The gut-brain connection
The link between the brain and the gut is very clear to see in babies – they get terribly upset when they’re hungry, and grizzly if they have wind. In adults this connection doesn’t disappear – how we express our symptoms just becomes more refined :-)
Have you ever felt sick before giving a presentation? Had stomach cramps when you’re stressed? Needed to run to the loo before an exam? Lost your appetite when you feel worried?
This is your brain going into ‘fight or flight’ mode. It tells your body to deal with the immediate stress in front of you, and to divert energy away from other body functions like the digestive system.
The consequence of this can be digestive symptoms – which is how the gut communicates back to the brain that it’s unhappy about the lack of blood flow and energy it needs to operate properly!
Communication between the brain and the gut is a two-way street – it’s often referred to as the ‘gut-brain axis.’ [related post: How to strengthen your mind-body connection for better health].
The examples above are about emotions (in the brain) triggering symptoms in the gut, but maybe for you it’s the other way round – does eating certain foods impact your mood?
Some of my clients who are sensitive to gluten for example tell me they experience symptoms of low mood or anxiety (as well as digestive problems) after eating gluten.
Research shows that when the gut is irritated, activity can be detected in the emotional centre of the brain.
An unhappy gut sends signals to the brain and an unhappy brain sends signals to the gut.
An unhappy gut can be the cause OR the result of stress, anxiety or depression.
So how can we improve our gut-brain connection?
The vagus nerve is key
Signals between the gut and the brain are delivered via the nervous system. One of the most important nerves in this process is the vagus nerve. It starts at the base of the brain and continues along the side of the throat, heart and lungs and into the gut.
The vagus nerve acts like a messenger between the brain and the gut. It’s a key part of the parasympathetic nervous system – the ‘rest and digest’ state we ideally move into after any ‘fight or flight’ response to stress.
However, many of us lead fraught, busy lives and spend more time in a stress response mode than we do in rest and recovery mode.
This might not always be obvious. A trip to the gym might seem like a positive investment in your health, but if you have to rush back to work or to pick up the kids straight afterwards this can leave your stress response switched on from your workout.
You might be losing out on the restorative benefits of exercising in the first place.
If we rarely shift into a rest and recovery state this has an impact on vagal tone – a measure of how active our vagus nerve is.
The higher your vagal tone, the faster you’re able to relax after stress.

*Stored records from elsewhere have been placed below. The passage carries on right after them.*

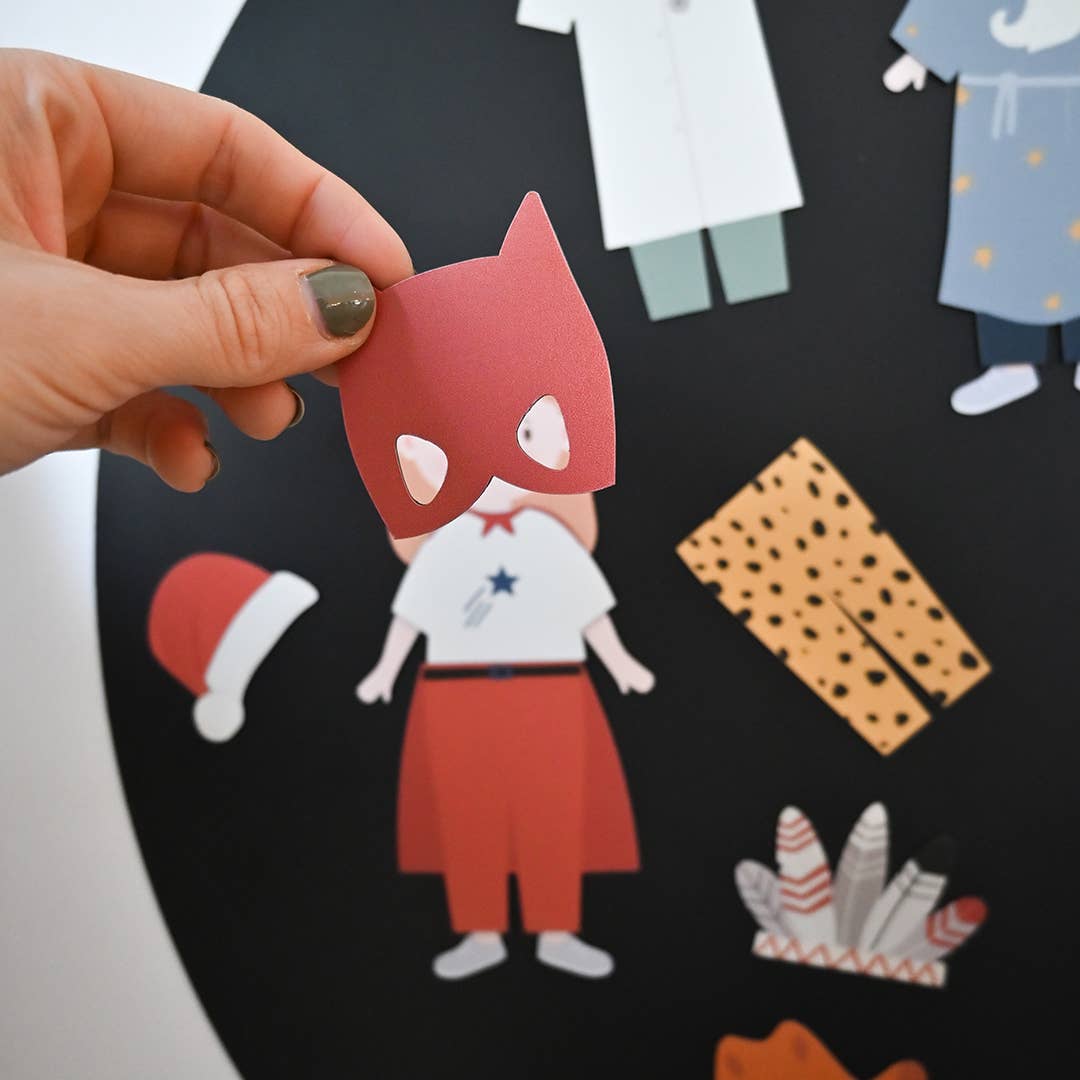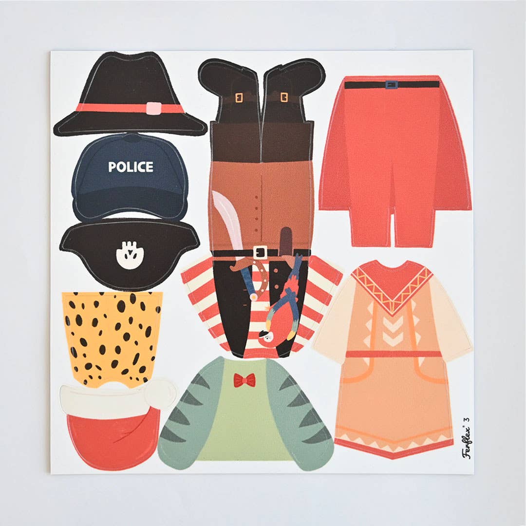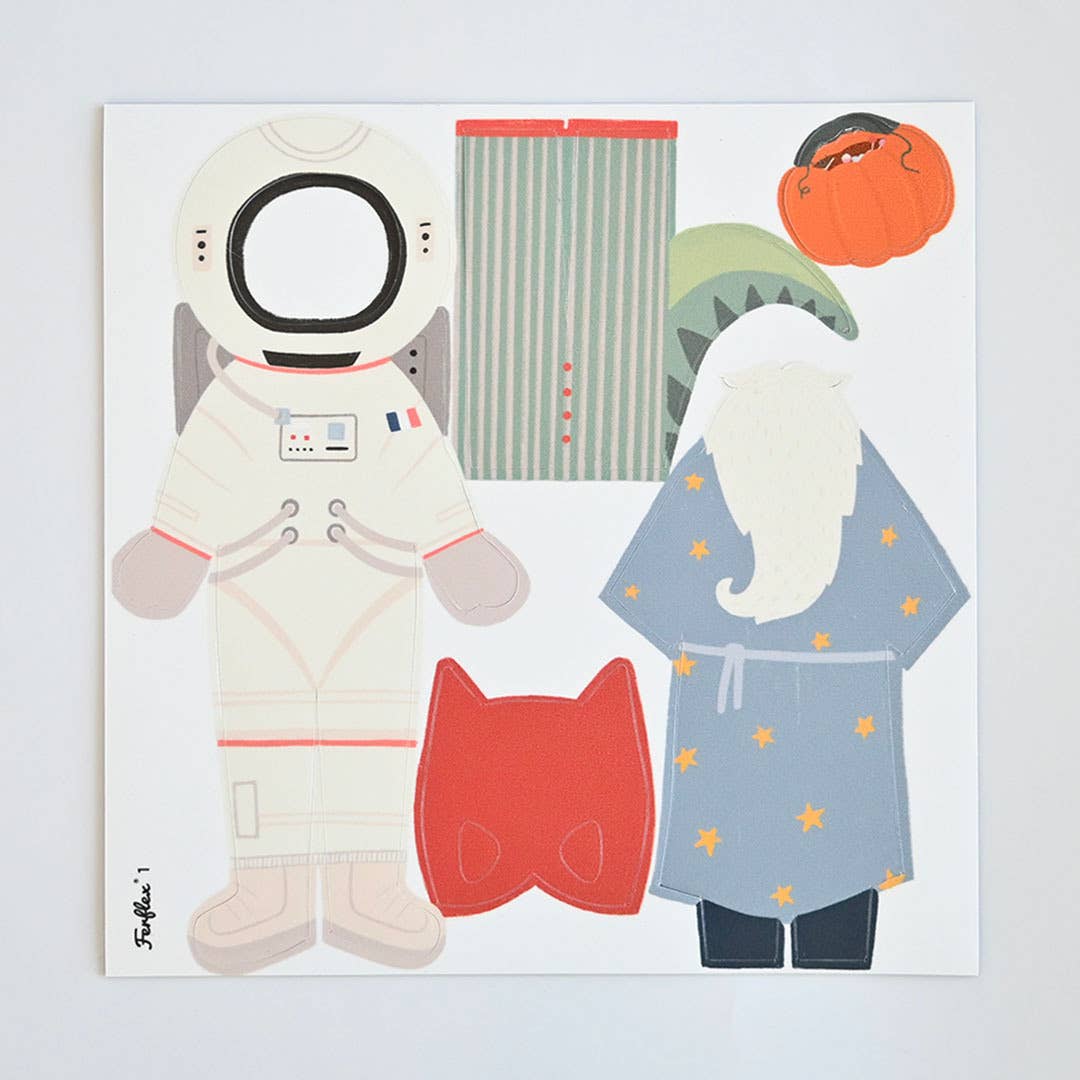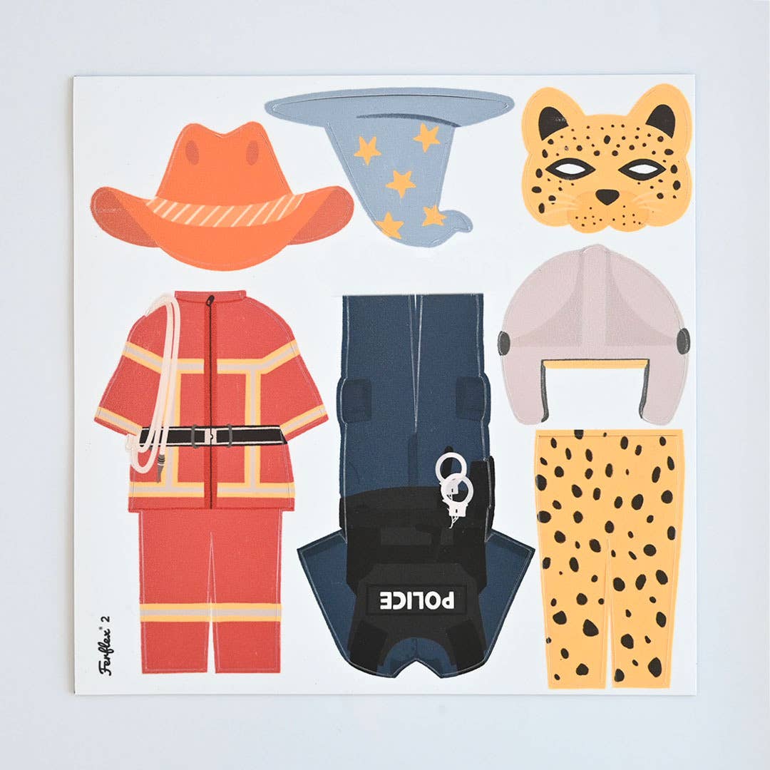 5 planches de 32 magnets souples offrant une variété de 12 déguisements : astronaute, pompier, policier, pirate, médecin, magicien, squelette, cow-boy, indien, super-héros, léopard et dinosaure, 2 silhouettes d'enfants (un garçon et une fille) et des accessoires pour la fête.
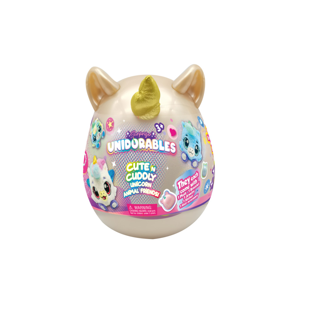 Nasbírej je všechny – 6 druhů. Přines si mě domů! 1× mini Unidorable v balení – roztomilý a jemný kamarád s rohem jednorožče. Který je uvnitř balení? Otevři mě a uvidíš. Open – otevři. Obsah balení: 1× plyšák, 1× náramek, 1× šperk, 1× nálepka, 1× vlasový doplněk.
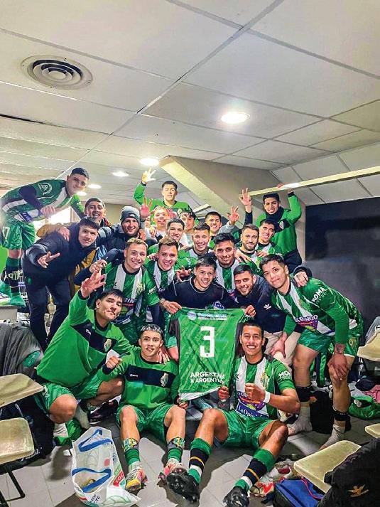 ¡3! El festejo del Albiverde en el vestuario tras la gran victoria.
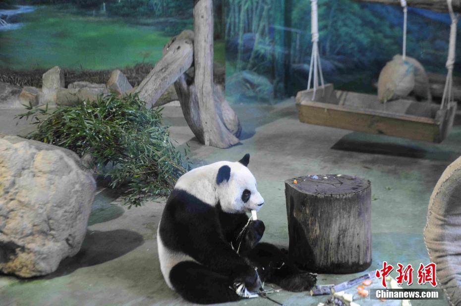 8月29日,是自大陆来台已经9年的大熊猫团团和圆圆13岁生日。台北市动物园当天为夫妻俩举行生日派对,庆祝他们的13岁生日。图为圆圆吃甘蔗。中新社记者 蒋雪林 摄
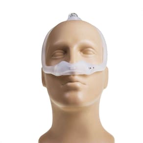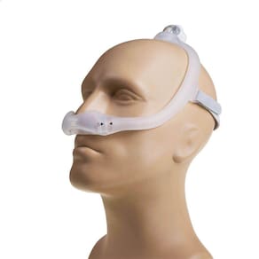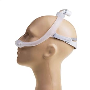 A conexão com o tubo fica na parte superior da cabeça, proporcionando maior liberdade de movimentos durante o sono. O fluxo de ar passa pela estrutura da máscara e é entregue às narinas através das almofadas nasais. Mesmo ao deitar-se de lado, um dos lados será fechado, mas o fluxo de ar continuará fluindo livremente pelo outro lado, sem afetar a terapia.
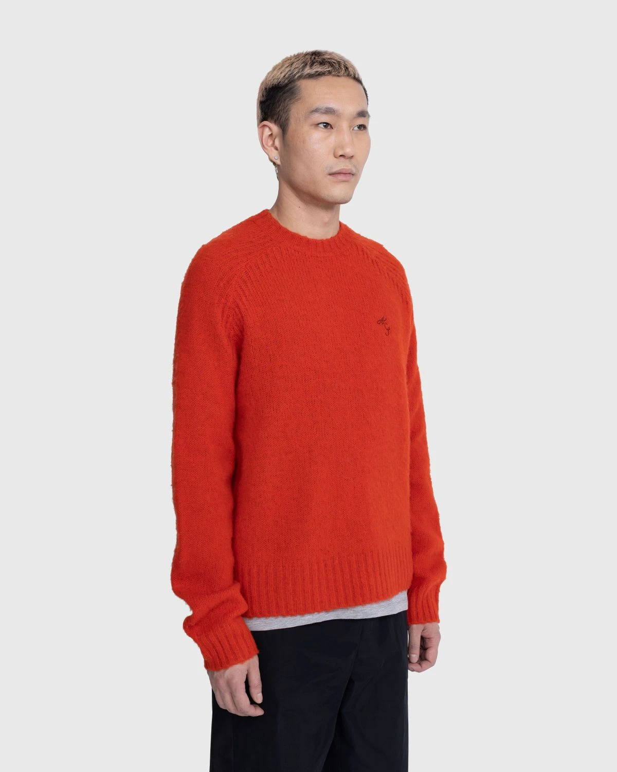 Shell is 100% wool. Brushed. Embroidery is 100% polyester. Acne Studios initials embroidery at the left chest. Ribbed crew neck, cuffs, and hem.
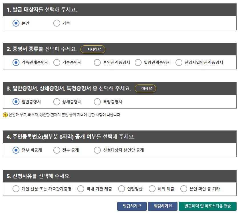 말 그대로 주민등록번호의 뒷자리를 그대로 공개할지의 여부를 선택해 주세요. 가족관계증명서에 나오는 모든 사람의 것을 비공개로 할 것인지, 모두 공개로 할 것인지, 신청 대상자인 본인의 주민등록번호만 공개할 것인지 중에서 선택할 수 있습니다.
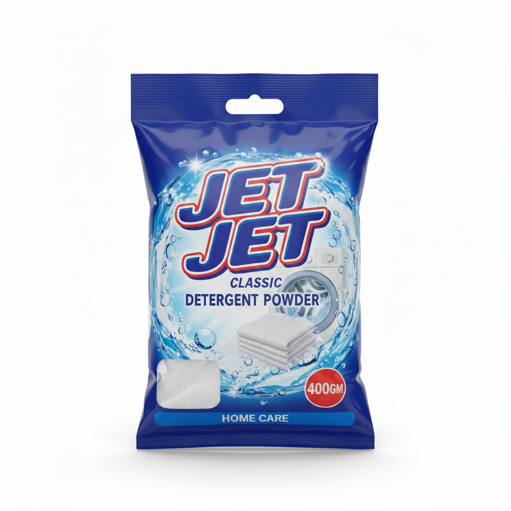 Achieve brilliant cleanliness and lasting freshness with Jet Classic Detergent Powder 400GM.
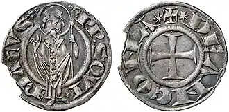 The first reports of Ancona's medieval coinage begin in the 12th century when the independence of the city grew and it began to mint coinage without Imperial or papal oversight.[1] According to some traditions the city began minting currency by concession of the Byzantine Empire, following the fidelity demonstrated during the siege of 1173,which also led to the city's acquisition of its flag of the gold cross on a red field. This story may be doubtful as records for it are late and not supported by contemporary sources.[2]
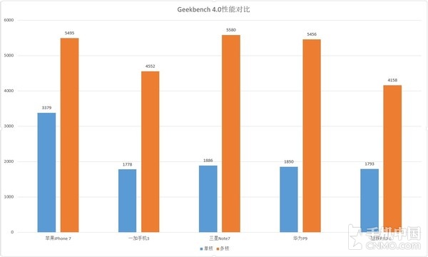 那么iPhone 7遇到安卓旗艦會如何呢?我們選擇了三星Note7(Exynos 8890)、一加手機3(驍龍820)、魅族PRO 6(聯發科X25)以及華為P9(麒麟955)這四大天王作為對比,測試軟件同為Geekbench 4.0。
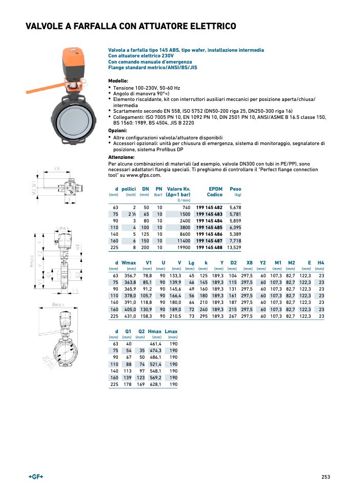 Valvola a farfalla tipo 145 ABS, tipo wafer, installazione intermedia
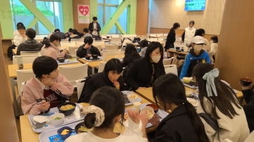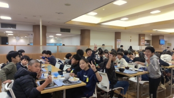 京都大学の食堂にて昼食です。朝早かったこともあり昼食が待ち遠しかったようです。好きなメニューを選んで食事です。
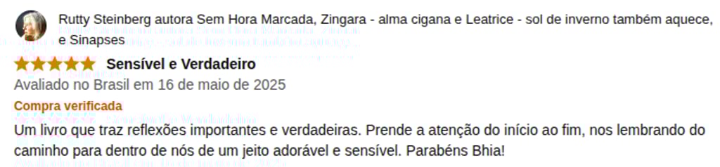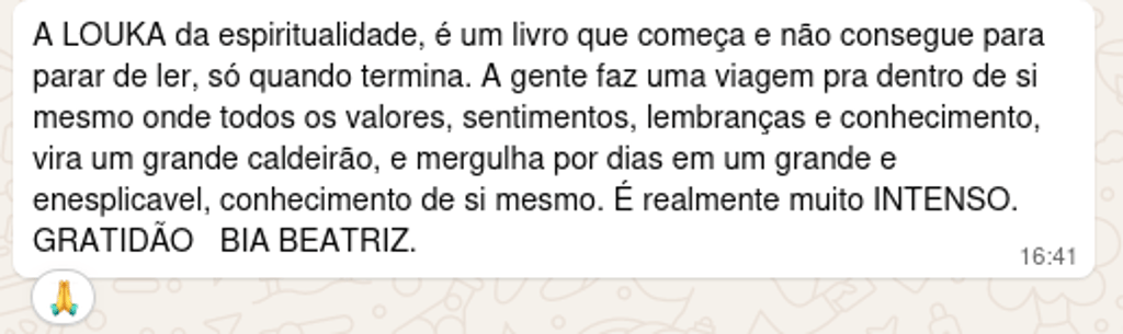 Gostei muito do livro, da maneira simples como você aborda a espiritualidade no dia a dia sem misticismo. É um guia para realmente ser colocado em prática e tenho certeza de que os resultados serão os melhores possíveis. Gratidão por esse belo trabalho.
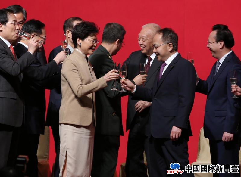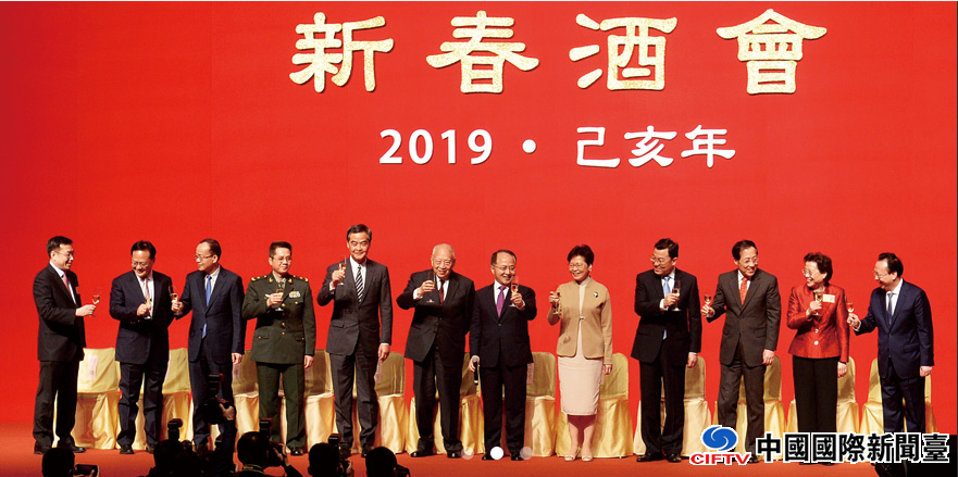 图:在香港会展中心举行的中联办2019年新春酒会上,主礼嘉宾互相祝酒致贺
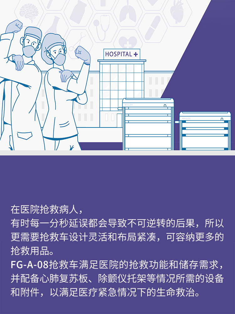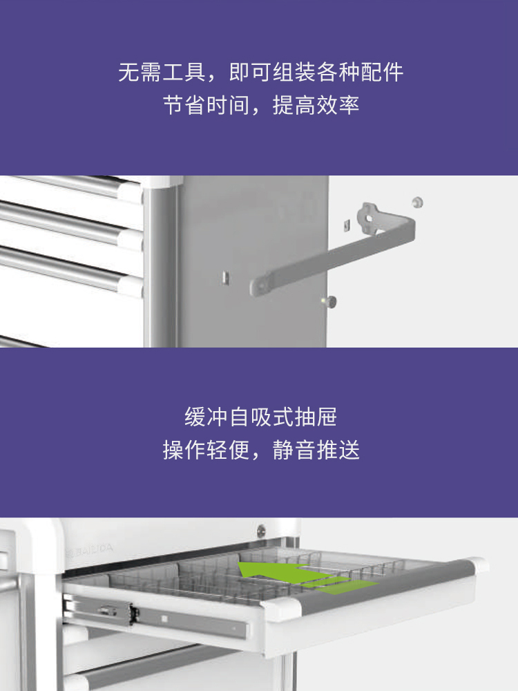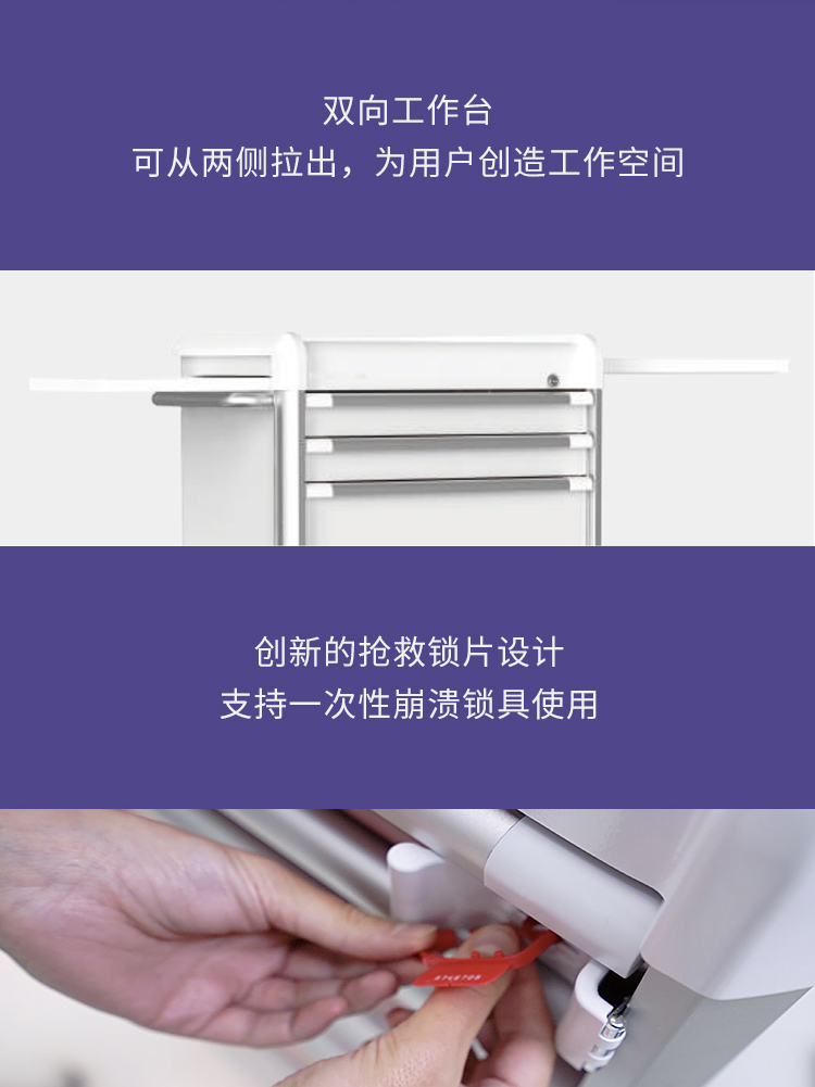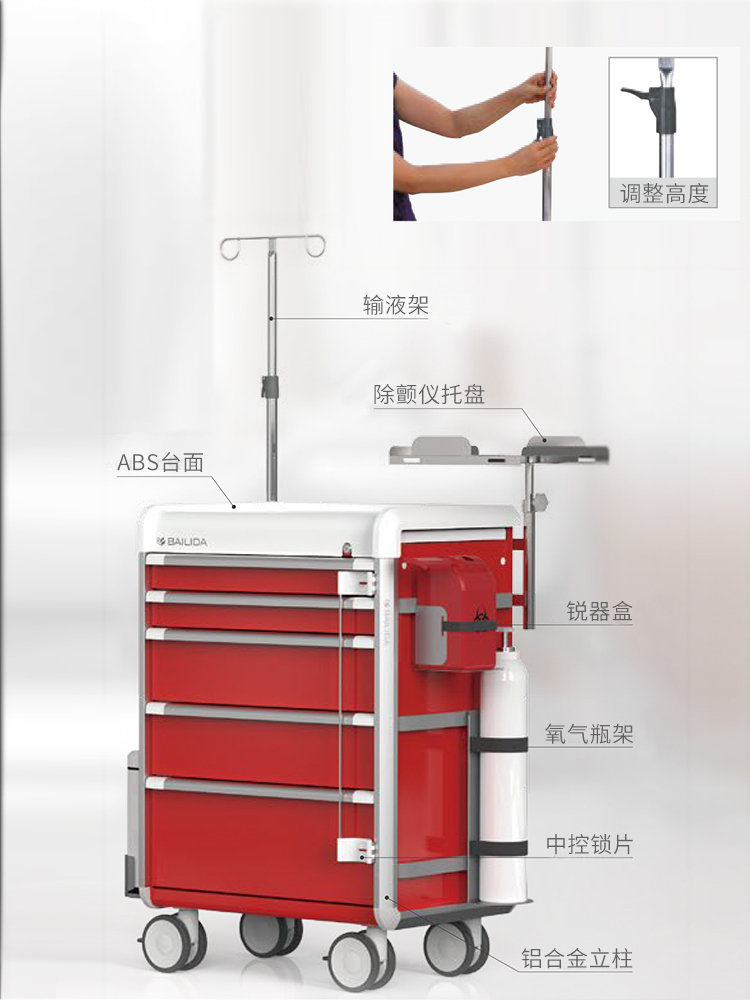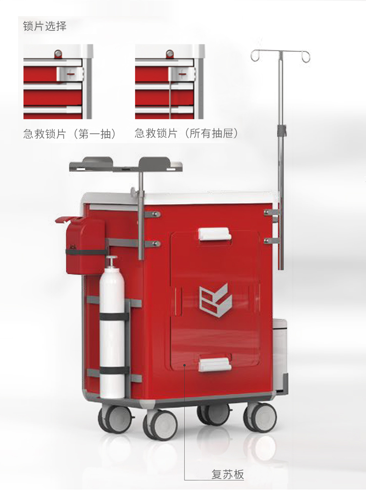13.可選配件:污物桶、急救鎖片、按壓式輸液架、心肺復蘇板、除顫儀托盤、銳器盒、氧氣瓶架,配件無需工具安裝,省時省力;

High vagal tone is associated with a lower heart rate, lower blood pressure and better digestion – all things that happen when we’re relaxed.
Low vagal tone keeps the stress response switched on, increases anxiety and makes it more likely your gut will be unhappy.
Research has shown that people with IBS or Crohn’s disease have reduced vagal tone.
5 ways to improve your vagal tone
Deep and slow breathing - increasing the variation in your heart rate between inhaling and exhaling improves vagal tone [for a simple exercise have a look at my blog post on conscious breathing].
Yoga stretches – cobra pose is a great way to stimulate the vagus nerve in the neck.
Try singing, humming, or gargling – one of the branches of the vagus nerve can be stimulated by using the vocal chords!
Exposing your body to the cold activates the vagus nerve. Splash your face with cold water 10-20 times or finish your shower with a blast of cold water – the benefits are compelling.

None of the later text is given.